[Extracted data entries]

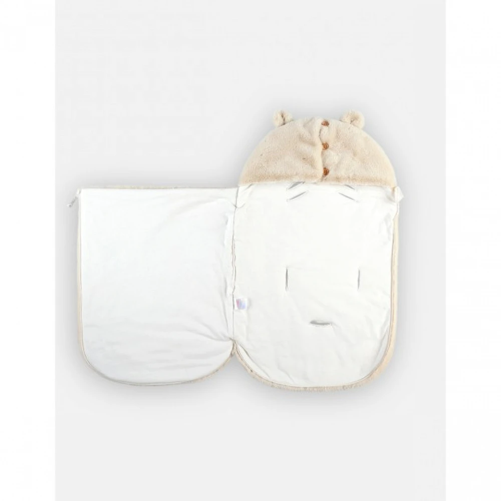 Il convient pour la mi-saison et l’hiver. Totalement pensé pour les plus petits, il s’ouvre grâce à une fermeture éclair sur le côté et convient aux sièges auto du groupe 0.
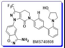 将雷扎沙班的氨基苯并异噁唑与杂环并合吡唑连接,合成了一类新的化合物,构效关系总结如下:(1)变换远端苯环上的叔胺基,二甲胺甲基和3-R-羟基四氢吡咯活性最强,体内抗凝作用也最强。(2)在近端苯环的邻位引入氟原子,比相应的化合物活性弱。(3)3-羟基四氢吡咯R构型活性比其S构型强3倍,体内抗凝活性也强于S构型。(4)吡唑环上的三氟甲基用甲基代替,活性降低。比格犬的药代动力学研究表明,以下化合物具有最好的性质,即BMS740808。
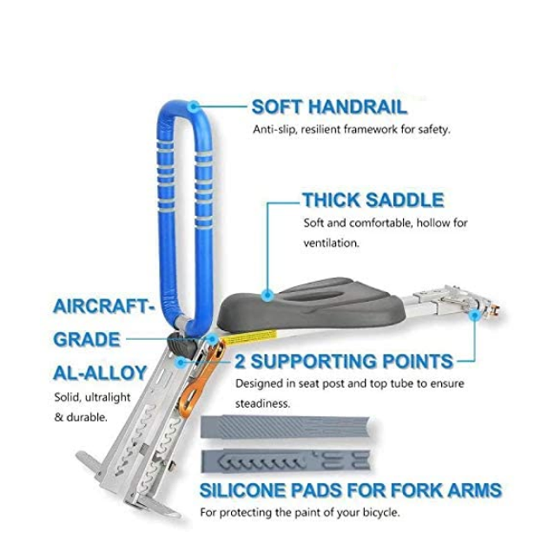 SAFE & COMFORTABLE -- USA Safety Standard Certificate. Comfort, safety, an attractive and innovative design, and a good position where the child can fully explore the scenery. Soft and comfortable saddle, hollow for ventilation. Adjustable handrail and fork arm.
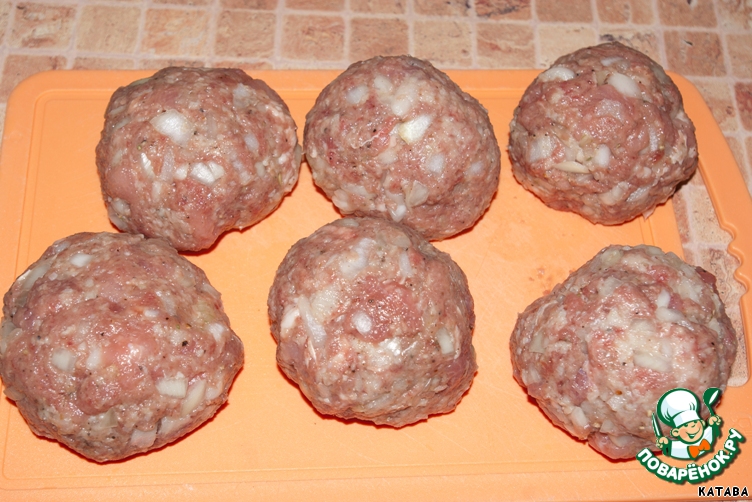 Формируем из фарша большие колобки. Примерно такие, как на фото. Не бойтесь, в духовке большие колобки хорошо пропекутся.
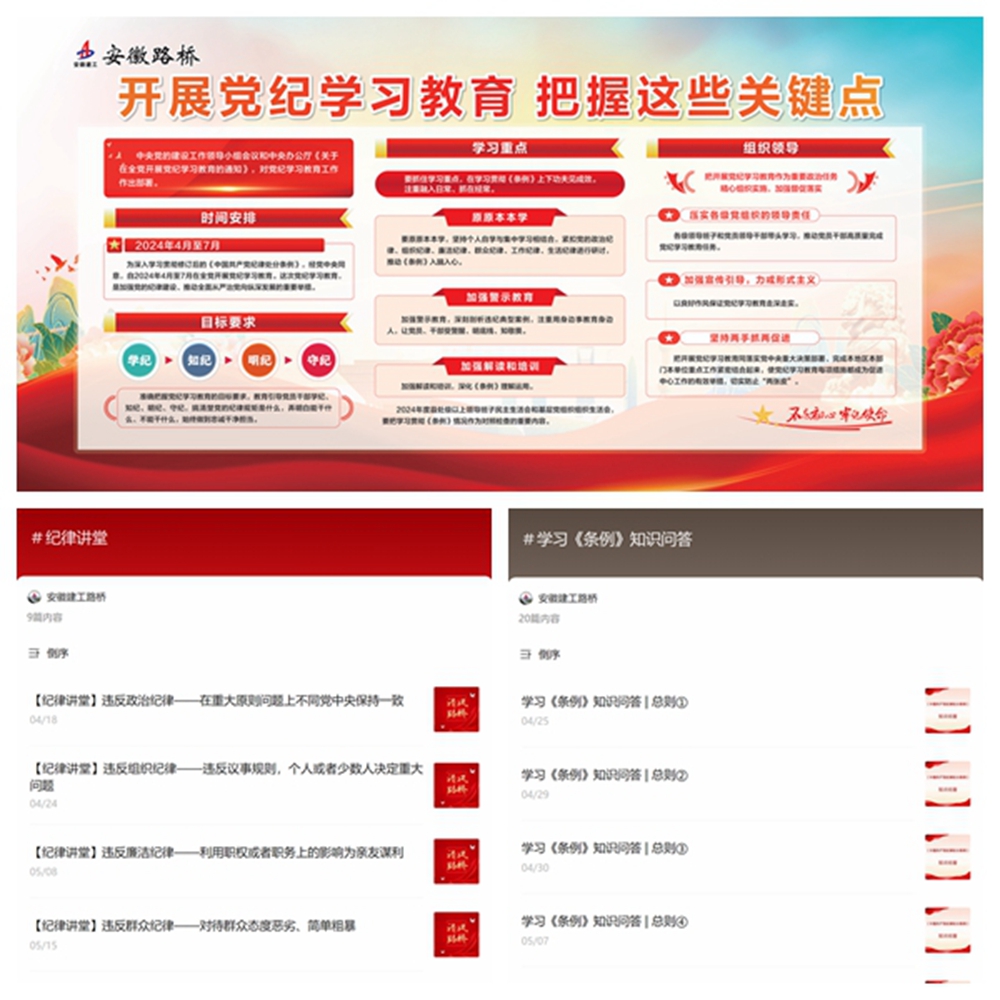 黨紀(jì)學(xué)習(xí)教育開展以來,公司黨委高度重視宣傳引導(dǎo)、氛圍提升。為擴(kuò)大宣傳引導(dǎo)的接觸面,公司黨委統(tǒng)籌制定發(fā)布了黨紀(jì)學(xué)習(xí)教育展板。同時(shí),立足“清風(fēng)路橋”建設(shè),加大宣傳力度,綜合運(yùn)用官網(wǎng)、官微,設(shè)立“紀(jì)律講堂”“學(xué)習(xí)《條例》知識(shí)問答”等專欄,累計(jì)推出黨紀(jì)學(xué)習(xí)教育相關(guān)報(bào)道和學(xué)習(xí)材料80余篇次,做到“每日推送”。組織全體黨員職工參加公司內(nèi)網(wǎng)《條例》線上知識(shí)測(cè)試,以考助學(xué)、以訓(xùn)促學(xué),鞏固學(xué)習(xí)成果,檢驗(yàn)學(xué)習(xí)成效,在全公司營(yíng)造學(xué)紀(jì)、知紀(jì)、明紀(jì)、守紀(jì)的良好氛圍。各級(jí)黨組織通過“三會(huì)一課”等方式開展專題學(xué)習(xí)230余次,受教育黨員、職工累計(jì)超2500人次。

**Work to complete**. Nothing but the lines from the line containing "Формируем из фарша" through the last line of the records above is to be extracted, exactly and with no pictures.

**Solution to this problem**.
 Формируем из фарша большие колобки. Примерно такие, как на фото. Не бойтесь, в духовке большие колобки хорошо пропекутся.
 黨紀(jì)學(xué)習(xí)教育開展以來,公司黨委高度重視宣傳引導(dǎo)、氛圍提升。為擴(kuò)大宣傳引導(dǎo)的接觸面,公司黨委統(tǒng)籌制定發(fā)布了黨紀(jì)學(xué)習(xí)教育展板。同時(shí),立足“清風(fēng)路橋”建設(shè),加大宣傳力度,綜合運(yùn)用官網(wǎng)、官微,設(shè)立“紀(jì)律講堂”“學(xué)習(xí)《條例》知識(shí)問答”等專欄,累計(jì)推出黨紀(jì)學(xué)習(xí)教育相關(guān)報(bào)道和學(xué)習(xí)材料80余篇次,做到“每日推送”。組織全體黨員職工參加公司內(nèi)網(wǎng)《條例》線上知識(shí)測(cè)試,以考助學(xué)、以訓(xùn)促學(xué),鞏固學(xué)習(xí)成果,檢驗(yàn)學(xué)習(xí)成效,在全公司營(yíng)造學(xué)紀(jì)、知紀(jì)、明紀(jì)、守紀(jì)的良好氛圍。各級(jí)黨組織通過“三會(huì)一課”等方式開展專題學(xué)習(xí)230余次,受教育黨員、職工累計(jì)超2500人次。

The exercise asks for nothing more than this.